:: PROBLEM TO WORK ON ::
Search the records that follow and extract every line containing the string "from".

:: DATASET ENTRIES ::
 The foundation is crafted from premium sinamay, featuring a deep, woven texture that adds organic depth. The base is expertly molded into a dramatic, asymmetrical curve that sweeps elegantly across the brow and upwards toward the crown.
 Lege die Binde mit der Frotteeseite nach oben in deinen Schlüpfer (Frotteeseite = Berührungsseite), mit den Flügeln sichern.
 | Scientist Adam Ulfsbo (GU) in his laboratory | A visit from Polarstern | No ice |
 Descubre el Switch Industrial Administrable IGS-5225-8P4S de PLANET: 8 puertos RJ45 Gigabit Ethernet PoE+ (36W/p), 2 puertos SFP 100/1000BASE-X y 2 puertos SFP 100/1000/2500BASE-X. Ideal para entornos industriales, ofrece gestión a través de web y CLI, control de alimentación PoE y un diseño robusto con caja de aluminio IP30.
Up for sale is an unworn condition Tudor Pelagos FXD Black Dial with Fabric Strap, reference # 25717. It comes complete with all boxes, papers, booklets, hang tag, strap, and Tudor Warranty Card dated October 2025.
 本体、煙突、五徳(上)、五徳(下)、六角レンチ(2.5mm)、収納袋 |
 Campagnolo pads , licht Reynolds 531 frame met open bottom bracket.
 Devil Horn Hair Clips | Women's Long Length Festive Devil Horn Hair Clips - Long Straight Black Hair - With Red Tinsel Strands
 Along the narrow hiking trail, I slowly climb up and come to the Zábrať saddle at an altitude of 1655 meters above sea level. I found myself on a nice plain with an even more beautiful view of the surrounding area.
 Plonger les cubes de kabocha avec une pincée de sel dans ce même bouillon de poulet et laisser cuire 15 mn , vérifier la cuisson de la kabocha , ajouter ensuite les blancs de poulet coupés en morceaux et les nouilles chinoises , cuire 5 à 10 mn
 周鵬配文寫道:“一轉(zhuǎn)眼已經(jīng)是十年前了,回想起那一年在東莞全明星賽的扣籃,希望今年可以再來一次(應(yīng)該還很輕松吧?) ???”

:: ANSWER SPACE ::
 The foundation is crafted from premium sinamay, featuring a deep, woven texture that adds organic depth. The base is expertly molded into a dramatic, asymmetrical curve that sweeps elegantly across the brow and upwards toward the crown.
 | Scientist Adam Ulfsbo (GU) in his laboratory | A visit from Polarstern | No ice |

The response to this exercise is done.